Read the article that inspired this post by clicking here.
This simple statement reveals something profound about human nature that our productivity-obsessed culture has forgotten. Some of life's most essential processes aren't meant to be optimized. They're meant to be honored.
The perfectionist's paradox
When you dig beneath the surface of maximizing behavior, you find something unexpected: not confidence, but profound anxiety.
The person obsessing over sleep metrics isn't sleeping better—they're lying awake worried about their sleep score. The wealth-maximizer isn't enjoying financial security—they're trapped in workaholism, always one deal away from enough. The fitness maximizer isn't celebrating their strength—they're considering steroids because their natural limits feel like failure.
This is the perfectionist's paradox: the harder you chase perfection, the more imperfect you feel.
Research on perfectionism shows that it's strongly correlated with anxiety, depression, and burnout. When nothing is ever good enough, you live in a constant state of dissatisfaction with yourself and your life.
The goal isn't the problem. The relationship with the goal is.
The performance trap
Maximizing culture thrives on performance. Every aspect of life becomes a stage where you're constantly auditioning for approval—from others, from society, from the invisible audience of social media metrics.
Consider the performative family. From the outside, it looks perfect: coordinated outfits, Pinterest-worthy birthday parties, carefully curated vacation photos. But behind the scenes, there's often anxiety, exhaustion, and children who learn that love is conditional on maintaining the performance.
The family doesn't exist for itself anymore. It exists for the image of itself.

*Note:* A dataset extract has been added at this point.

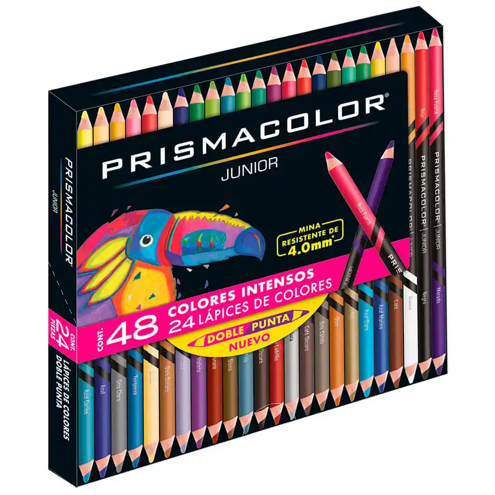 Contiene 24 Unidades. Lápices de Colores Bicolores Redondos Prismacolor Junior Intensos 4.0 mm Más Color Más Diversión Sólo Con el Diseño Práctico de Los Nuevos Lápices de Colores Bicolores Redondos Prismacolor Junior Intensos 4.0 Mm. Disfruta de Sus Minas Suaves y Resistentes de 4.0 mm Que te Brindan Tonalidades Vibrantes Para Inspirar tu Creatividad. Podrás Colorear Trazar Dibujar o Rellenar Sin Perder el Brillo Original y Mezclar Sus Colores Para Crear Nuevos Tonos. Maximiza su Durabilidad Con Sus Nuevos Canales Suaves Que Evitan Romper la Punta al Marcar o Trazar. Obtendrás 24 Lápices de Colores Con Doble Punta y 48 Tonos Intensos Diferentes Para Transformar tu Inventiva al Instante. &Iexclgrandes Colores Para Grandes Artistas! Lápices de Colores Bicolores Redondos Prismacolor Junior Intensos 4.0 mm Modelo: 2068524 Cantidad: 1 Juego Con 24 Piezas Tipo: Policromático Especificaciones: Lápices de Colores, Doble Punta, 48 Tonos Brillantes Diferentes, Uso Escolar, Ideal Para Dibujar y Colorear, Minas de 4.0 Mm

This is what happens when we mistake the map for the territory. The performance becomes more important than the experience it's supposed to represent. We optimize for appearances rather than actual wellbeing.
The passive revolution
What would it look like to approach life more passively? Not lazily or carelessly, but with the wisdom that some things are meant to be protected rather than pushed?
Think about sleep again. The best sleep happens when you're not trying to sleep. When you create the right conditions—darkness, cool temperature, comfortable bedding—and then get out of the way. The moment you start forcing it, measuring it, or anxious about it, it becomes elusive.
This principle extends far beyond sleep:
Relationships flourish when you stop trying to optimize them and start showing up authentically. The best connections happen in unguarded moments, not during carefully planned "quality time."
Creativity emerges in the spaces between effort, during walks and showers and mundane moments when you're not forcing inspiration.
Health improves more through consistent, sustainable habits than through extreme interventions that you can't maintain.
Happiness is often found in ordinary moments when you're not chasing it—in conversation with a friend, in the taste of morning coffee, in the feeling of sun on your skin.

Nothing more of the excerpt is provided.